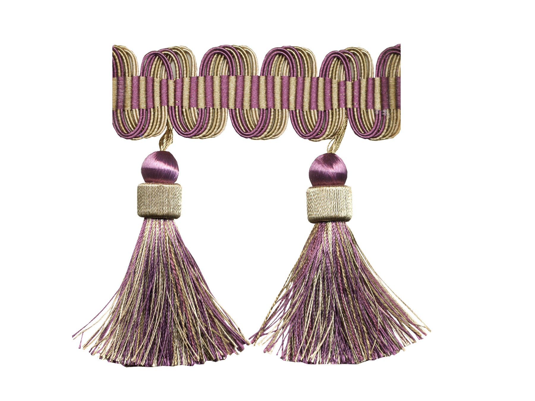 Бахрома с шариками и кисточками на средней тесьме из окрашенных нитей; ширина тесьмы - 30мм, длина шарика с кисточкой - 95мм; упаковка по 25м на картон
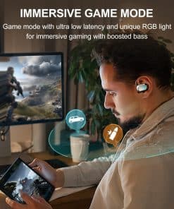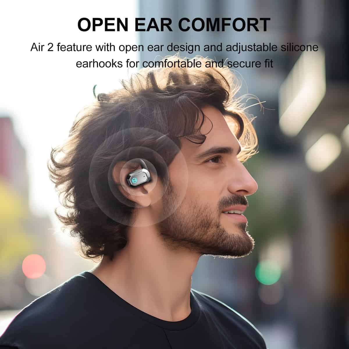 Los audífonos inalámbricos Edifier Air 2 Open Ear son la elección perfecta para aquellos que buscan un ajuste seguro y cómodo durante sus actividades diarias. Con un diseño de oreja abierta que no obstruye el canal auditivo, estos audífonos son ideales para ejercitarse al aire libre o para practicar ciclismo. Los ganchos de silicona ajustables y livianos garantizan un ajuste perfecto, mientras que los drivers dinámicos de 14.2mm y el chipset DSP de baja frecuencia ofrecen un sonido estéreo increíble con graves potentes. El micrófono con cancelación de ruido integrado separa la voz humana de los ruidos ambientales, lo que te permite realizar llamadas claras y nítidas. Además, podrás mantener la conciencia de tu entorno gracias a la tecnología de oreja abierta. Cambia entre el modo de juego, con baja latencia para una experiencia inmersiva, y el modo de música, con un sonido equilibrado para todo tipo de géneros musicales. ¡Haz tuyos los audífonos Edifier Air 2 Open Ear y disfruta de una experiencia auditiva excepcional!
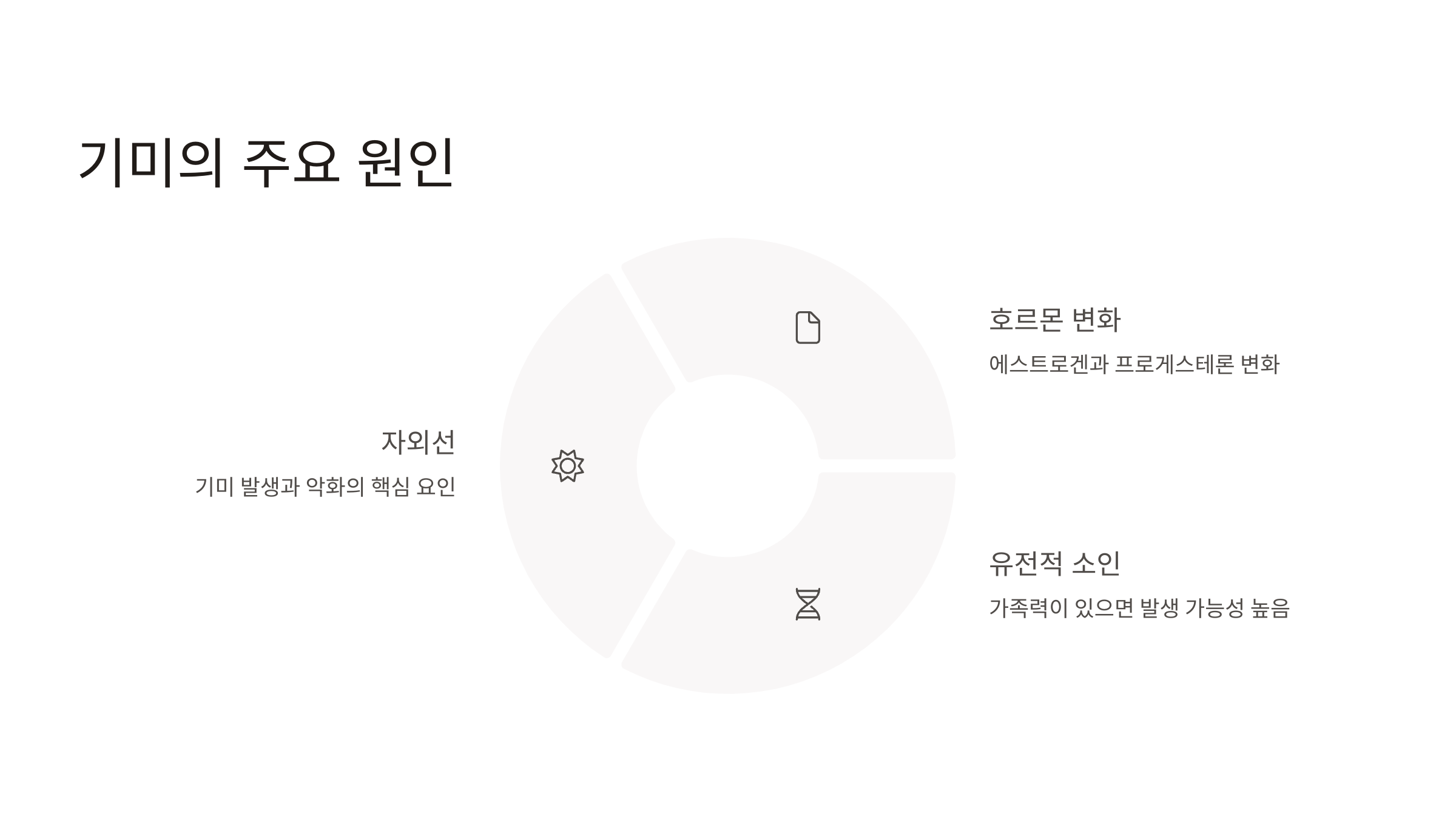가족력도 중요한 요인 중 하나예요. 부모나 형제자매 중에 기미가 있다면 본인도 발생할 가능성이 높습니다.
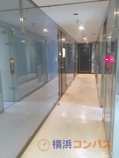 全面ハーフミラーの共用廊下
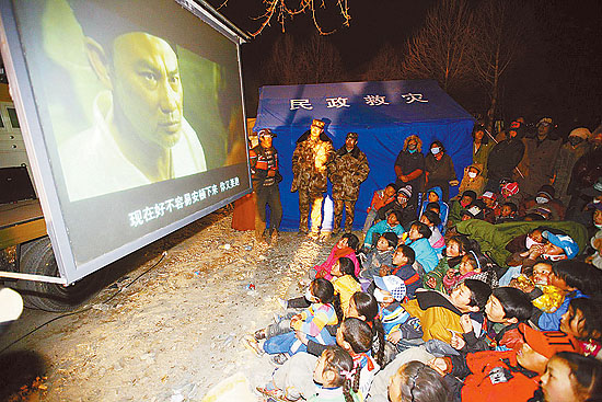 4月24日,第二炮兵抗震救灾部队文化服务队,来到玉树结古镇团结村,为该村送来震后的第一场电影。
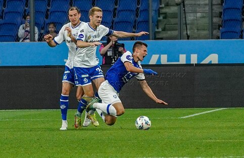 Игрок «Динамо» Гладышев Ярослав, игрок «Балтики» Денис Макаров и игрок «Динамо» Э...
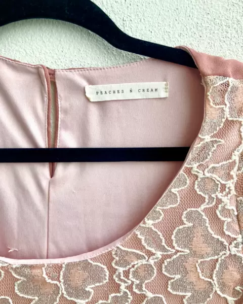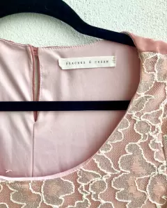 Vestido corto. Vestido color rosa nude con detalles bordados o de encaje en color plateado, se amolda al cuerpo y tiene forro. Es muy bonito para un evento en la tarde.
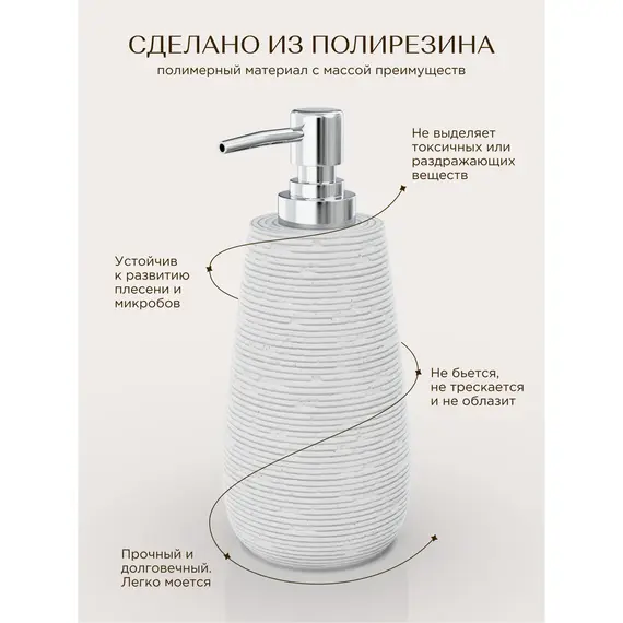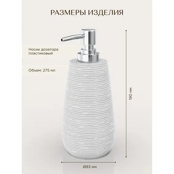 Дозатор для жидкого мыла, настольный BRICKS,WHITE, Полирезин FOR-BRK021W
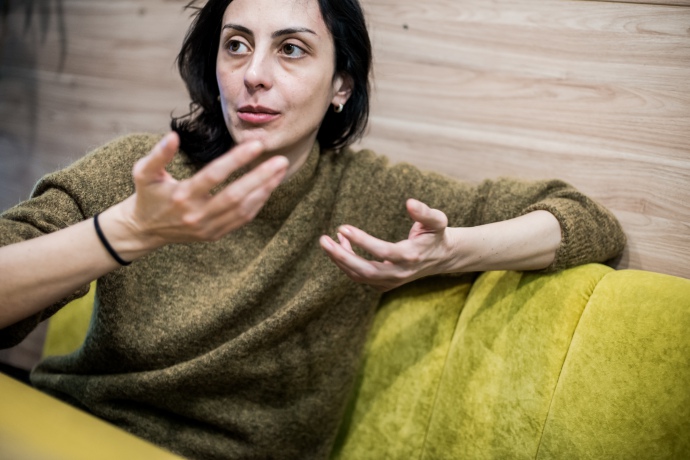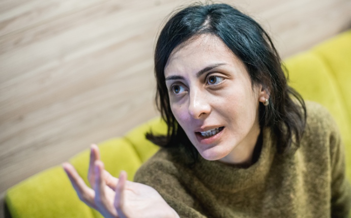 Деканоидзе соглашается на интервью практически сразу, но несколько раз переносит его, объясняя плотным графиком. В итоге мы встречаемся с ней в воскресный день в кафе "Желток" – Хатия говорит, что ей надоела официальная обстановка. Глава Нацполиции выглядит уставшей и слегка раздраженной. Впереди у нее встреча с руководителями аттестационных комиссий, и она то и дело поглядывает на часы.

## Task item:
Copy the records exactly. Skip the pictures.

## Response to this exercise:
 Бахрома с шариками и кисточками на средней тесьме из окрашенных нитей; ширина тесьмы - 30мм, длина шарика с кисточкой - 95мм; упаковка по 25м на картон
 Los audífonos inalámbricos Edifier Air 2 Open Ear son la elección perfecta para aquellos que buscan un ajuste seguro y cómodo durante sus actividades diarias. Con un diseño de oreja abierta que no obstruye el canal auditivo, estos audífonos son ideales para ejercitarse al aire libre o para practicar ciclismo. Los ganchos de silicona ajustables y livianos garantizan un ajuste perfecto, mientras que los drivers dinámicos de 14.2mm y el chipset DSP de baja frecuencia ofrecen un sonido estéreo increíble con graves potentes. El micrófono con cancelación de ruido integrado separa la voz humana de los ruidos ambientales, lo que te permite realizar llamadas claras y nítidas. Además, podrás mantener la conciencia de tu entorno gracias a la tecnología de oreja abierta. Cambia entre el modo de juego, con baja latencia para una experiencia inmersiva, y el modo de música, con un sonido equilibrado para todo tipo de géneros musicales. ¡Haz tuyos los audífonos Edifier Air 2 Open Ear y disfruta de una experiencia auditiva excepcional!
가족력도 중요한 요인 중 하나예요. 부모나 형제자매 중에 기미가 있다면 본인도 발생할 가능성이 높습니다.
 全面ハーフミラーの共用廊下
 4月24日,第二炮兵抗震救灾部队文化服务队,来到玉树结古镇团结村,为该村送来震后的第一场电影。
 Игрок «Динамо» Гладышев Ярослав, игрок «Балтики» Денис Макаров и игрок «Динамо» Э...
 Vestido corto. Vestido color rosa nude con detalles bordados o de encaje en color plateado, se amolda al cuerpo y tiene forro. Es muy bonito para un evento en la tarde.
 Дозатор для жидкого мыла, настольный BRICKS,WHITE, Полирезин FOR-BRK021W
 Деканоидзе соглашается на интервью практически сразу, но несколько раз переносит его, объясняя плотным графиком. В итоге мы встречаемся с ней в воскресный день в кафе "Желток" – Хатия говорит, что ей надоела официальная обстановка. Глава Нацполиции выглядит уставшей и слегка раздраженной. Впереди у нее встреча с руководителями аттестационных комиссий, и она то и дело поглядывает на часы.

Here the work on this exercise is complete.